→ **THE TASK**
The answer should be an exact repeat of the stretch of material below from the line containing "Poster shows a" through the line containing "Step up your".

→ **TASK DATA**
•••
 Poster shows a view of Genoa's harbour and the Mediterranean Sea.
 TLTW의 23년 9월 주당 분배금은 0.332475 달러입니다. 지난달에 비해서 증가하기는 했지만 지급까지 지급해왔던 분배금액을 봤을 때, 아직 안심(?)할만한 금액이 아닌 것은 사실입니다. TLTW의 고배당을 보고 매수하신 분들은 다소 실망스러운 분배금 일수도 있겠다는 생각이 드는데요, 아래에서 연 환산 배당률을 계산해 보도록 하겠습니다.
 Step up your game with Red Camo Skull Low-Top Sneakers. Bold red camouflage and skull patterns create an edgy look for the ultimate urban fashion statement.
•••
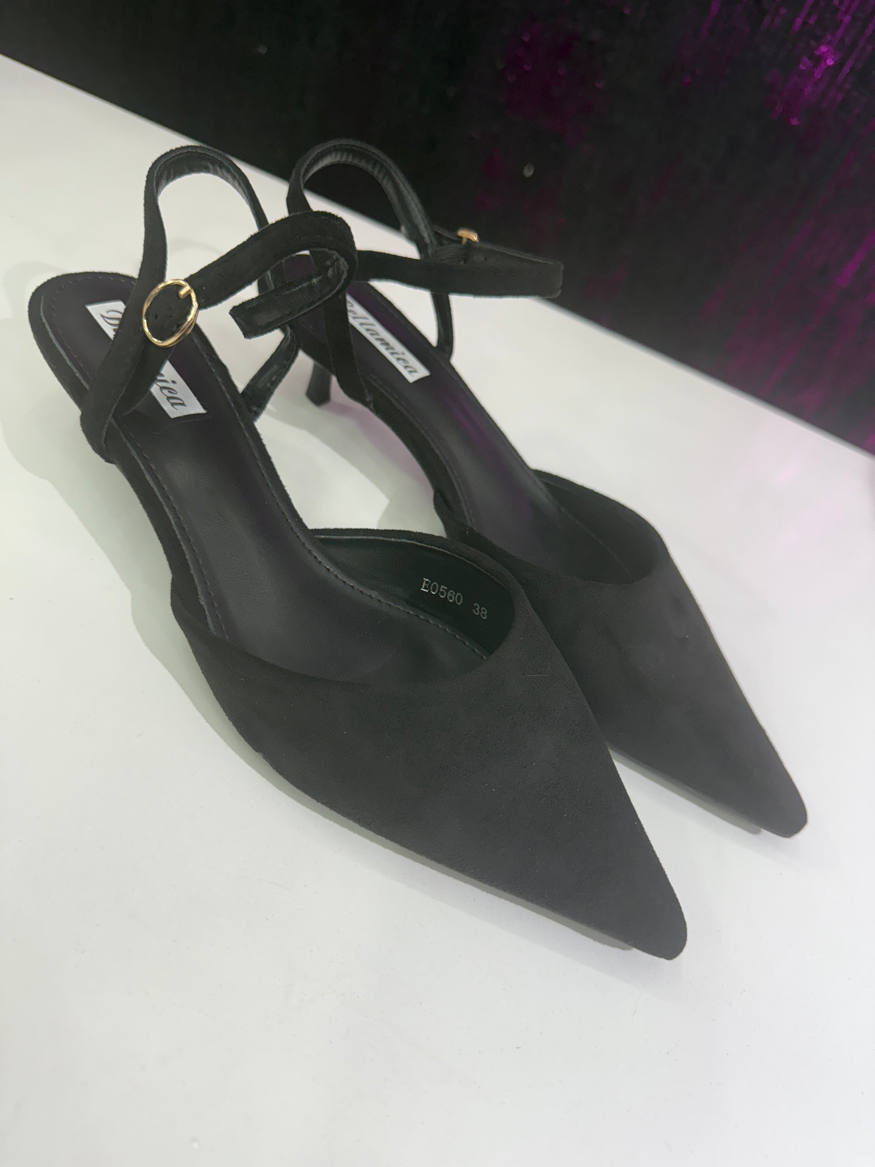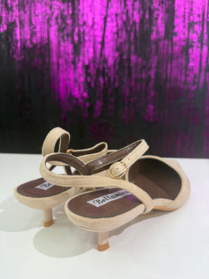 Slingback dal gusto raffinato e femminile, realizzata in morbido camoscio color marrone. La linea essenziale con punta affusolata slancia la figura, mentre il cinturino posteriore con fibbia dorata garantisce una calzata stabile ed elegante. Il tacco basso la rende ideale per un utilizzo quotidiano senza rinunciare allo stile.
•••
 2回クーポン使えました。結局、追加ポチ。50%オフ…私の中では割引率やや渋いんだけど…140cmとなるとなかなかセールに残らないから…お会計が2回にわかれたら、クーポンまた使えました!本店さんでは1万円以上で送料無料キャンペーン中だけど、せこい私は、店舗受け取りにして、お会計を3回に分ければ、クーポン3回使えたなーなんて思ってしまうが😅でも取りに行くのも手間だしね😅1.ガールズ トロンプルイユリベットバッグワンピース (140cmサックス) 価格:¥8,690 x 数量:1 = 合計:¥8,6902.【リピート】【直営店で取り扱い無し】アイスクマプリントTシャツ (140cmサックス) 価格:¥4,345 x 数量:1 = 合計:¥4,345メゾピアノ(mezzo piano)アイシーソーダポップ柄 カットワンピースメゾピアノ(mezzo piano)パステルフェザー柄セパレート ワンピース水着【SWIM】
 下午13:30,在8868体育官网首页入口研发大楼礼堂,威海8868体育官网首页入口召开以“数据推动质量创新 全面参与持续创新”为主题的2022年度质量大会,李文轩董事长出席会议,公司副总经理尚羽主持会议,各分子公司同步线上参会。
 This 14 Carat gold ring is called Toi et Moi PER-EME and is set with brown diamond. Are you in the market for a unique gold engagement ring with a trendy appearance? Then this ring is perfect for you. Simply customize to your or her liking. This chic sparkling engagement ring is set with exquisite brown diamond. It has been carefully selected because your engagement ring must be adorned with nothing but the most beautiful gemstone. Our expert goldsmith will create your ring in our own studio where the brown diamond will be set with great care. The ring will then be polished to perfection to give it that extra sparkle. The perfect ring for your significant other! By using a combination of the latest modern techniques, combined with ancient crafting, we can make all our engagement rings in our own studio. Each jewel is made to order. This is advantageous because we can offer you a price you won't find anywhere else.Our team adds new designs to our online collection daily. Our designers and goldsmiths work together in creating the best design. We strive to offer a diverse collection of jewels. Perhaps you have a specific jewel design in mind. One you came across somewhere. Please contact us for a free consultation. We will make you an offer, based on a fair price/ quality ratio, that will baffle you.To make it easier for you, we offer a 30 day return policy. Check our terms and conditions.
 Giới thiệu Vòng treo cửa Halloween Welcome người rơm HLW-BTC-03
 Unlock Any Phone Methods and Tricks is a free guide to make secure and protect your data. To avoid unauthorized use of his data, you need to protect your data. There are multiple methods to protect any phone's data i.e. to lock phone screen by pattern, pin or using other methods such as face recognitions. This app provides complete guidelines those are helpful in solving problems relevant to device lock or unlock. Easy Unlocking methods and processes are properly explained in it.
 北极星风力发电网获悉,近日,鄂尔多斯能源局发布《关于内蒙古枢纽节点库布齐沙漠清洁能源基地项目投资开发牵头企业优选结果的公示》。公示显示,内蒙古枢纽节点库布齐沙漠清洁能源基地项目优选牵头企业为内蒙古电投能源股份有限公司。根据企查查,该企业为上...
•••
→ **RESPONSE BELOW**
 Poster shows a view of Genoa's harbour and the Mediterranean Sea.
 TLTW의 23년 9월 주당 분배금은 0.332475 달러입니다. 지난달에 비해서 증가하기는 했지만 지급까지 지급해왔던 분배금액을 봤을 때, 아직 안심(?)할만한 금액이 아닌 것은 사실입니다. TLTW의 고배당을 보고 매수하신 분들은 다소 실망스러운 분배금 일수도 있겠다는 생각이 드는데요, 아래에서 연 환산 배당률을 계산해 보도록 하겠습니다.
 Step up your game with Red Camo Skull Low-Top Sneakers. Bold red camouflage and skull patterns create an edgy look for the ultimate urban fashion statement.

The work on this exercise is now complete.